On fig. 3.6 shows experimental curves - fluctuations in the number of fur-bearing animals in Canada (according to the Hudson's Bay Company). These curves are built on the basis of data on the number of harvested skins. The periods of fluctuations in the number of hares (prey) and lynxes (predators) are approximately the same and are of the order of 9-10 years. At the same time, the maximum number of hares, as a rule, is ahead of the maximum number of lynxes by one year.
The shape of these experimental curves is much less correct than the theoretical ones. However, in this case, it is sufficient that the model ensures the coincidence of the most significant characteristics of the theoretical and experimental curves, i.e. amplitude values and phase shift between fluctuations in the numbers of predators and prey.
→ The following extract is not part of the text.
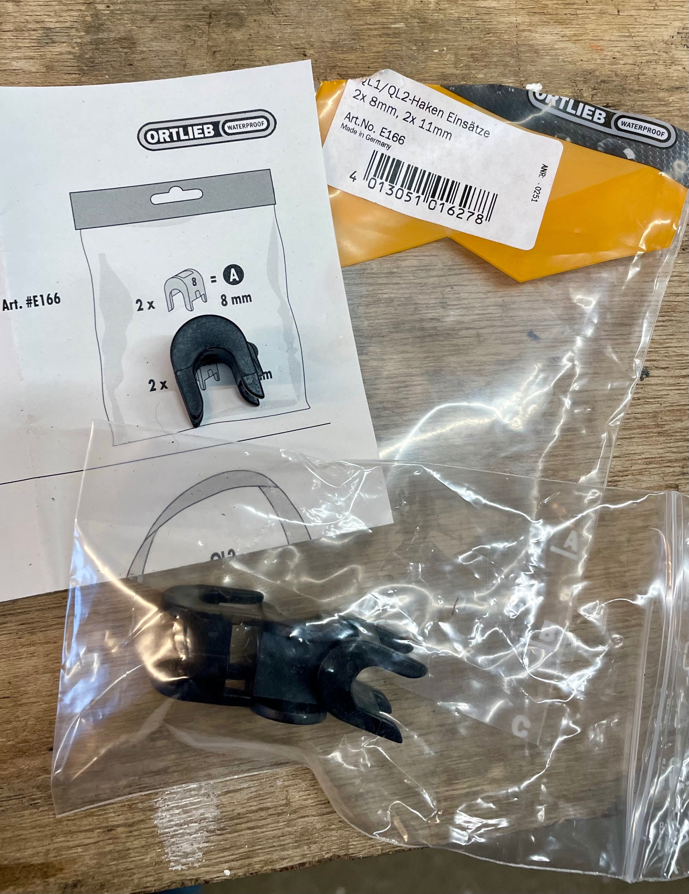 Ik had Ortlieb tashaken 11 mm nodig en dan krijg je ook tashaken van 8mm bij, waar ik niets aan heb. Dus ik heb 4 haken over.

A much more serious shortcoming of the Volterra model is the instability of solutions to the system of equations. Indeed, as mentioned above, any random change in the abundance of one or another species should lead, following the model, to a change in the amplitude of oscillations of both species. Naturally, in natural conditions animals are subjected to countless such random influences. As can be seen from the experimental curves, the amplitude of fluctuations in the number of species varies little from year to year.
The Volterra model is a reference (basic) model for mathematical ecology to the same extent that the harmonic oscillator model is basic for classical and quantum mechanics. With the help of this model, based on very simplified ideas about the nature of the patterns that describe the behavior of the system, purely mathematical
Chapter 3
Rice. 3.6. Kinetic curves of the abundance of fur-bearing animals According to the Hudson's Bay Fur Company (Seton-Thomson, 1987), a conclusion was drawn by calculus about the qualitative nature of the behavior of such a system - about the presence of population fluctuations in such a system. Without the construction of a mathematical model and its use, such a conclusion would be impossible.
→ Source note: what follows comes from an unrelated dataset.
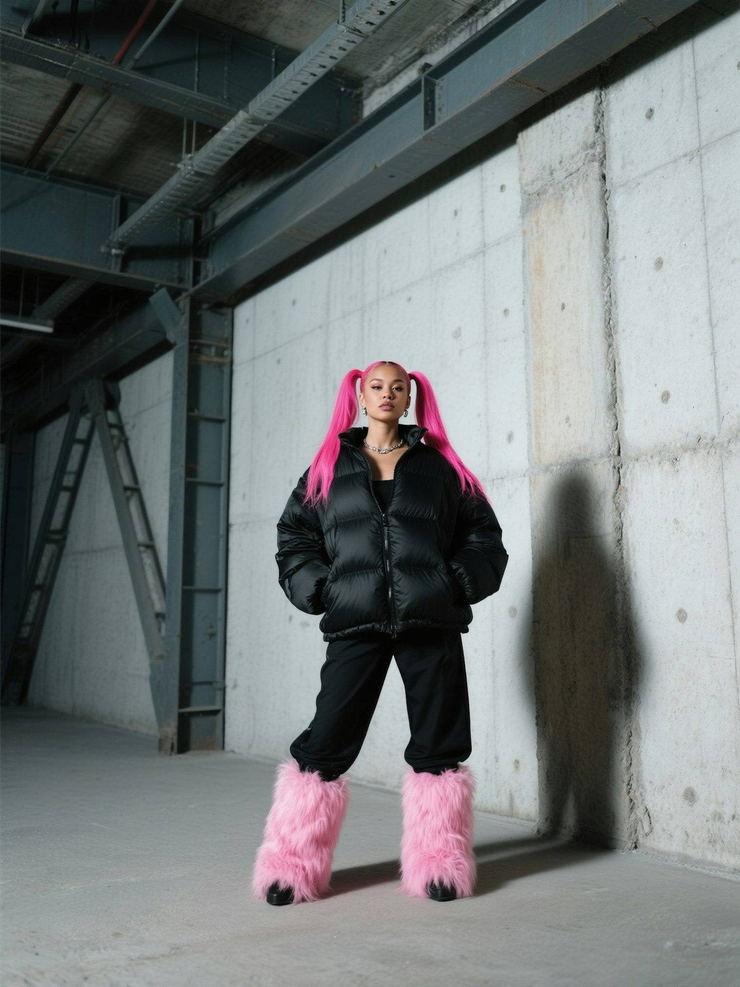 chic baddie in black puffer jacket and pants, bright pink twin ponytails, bubblegum pink fluffy boots, industrial interior architecture backdrop, dramatic lighting

In the simplest form we have considered above, the Volterra system has two fundamental and interrelated shortcomings. Their "elimination" is devoted to extensive ecological and mathematical literature. First, the inclusion in the model of any, however small, additional factors qualitatively changes the behavior of the system. The second “biological” drawback of the model is that it does not include the fundamental properties inherent in any pair of populations interacting according to the predator-prey principle: the effect of saturation of the predator, the limited resources of the predator and prey even with an excess of prey, the possibility of a minimum number of prey available for predator, etc.
In order to eliminate these drawbacks, various modifications of the Volterra system have been proposed by different authors. The most interesting of them will be considered in Section 3.5. Here we dwell only on a model that takes into account self-limitations in the growth of both populations. The example of this model clearly shows how the nature of solutions can change when the system parameters change.
So we consider the system
System (3.3.15) differs from the previously considered system (3.3.6) by the presence of terms of the form -7 on the right-hand sides of the equations uNf,
These members reflect the fact that the population of prey cannot grow indefinitely even in the absence of predators due to limited food resources, limited range of existence. The same "self-limitations" are imposed on the population of predators.
To find the stationary numbers of species iVi and N2 equate to zero the right parts of the equations of system (3.3.15). Solutions with zero numbers of predators or prey will not interest us now. Therefore, consider a system of algebraic
equations 
Her decision
gives us the coordinates of the singular point. Here, the condition of the positivity of stationary numbers should be put on the parameters of the system: N> 0 and N2 > 0. The roots of the characteristic equation of a system linearized in a neighborhood of a singular point (3.3.16):
It can be seen from the expression for the characteristic numbers that if the condition
then the numbers of predators and prey perform damped oscillations in time, the system has a nonzero singular point and a stable focus. The phase portrait of such a system is shown in Fig. 3.7 a.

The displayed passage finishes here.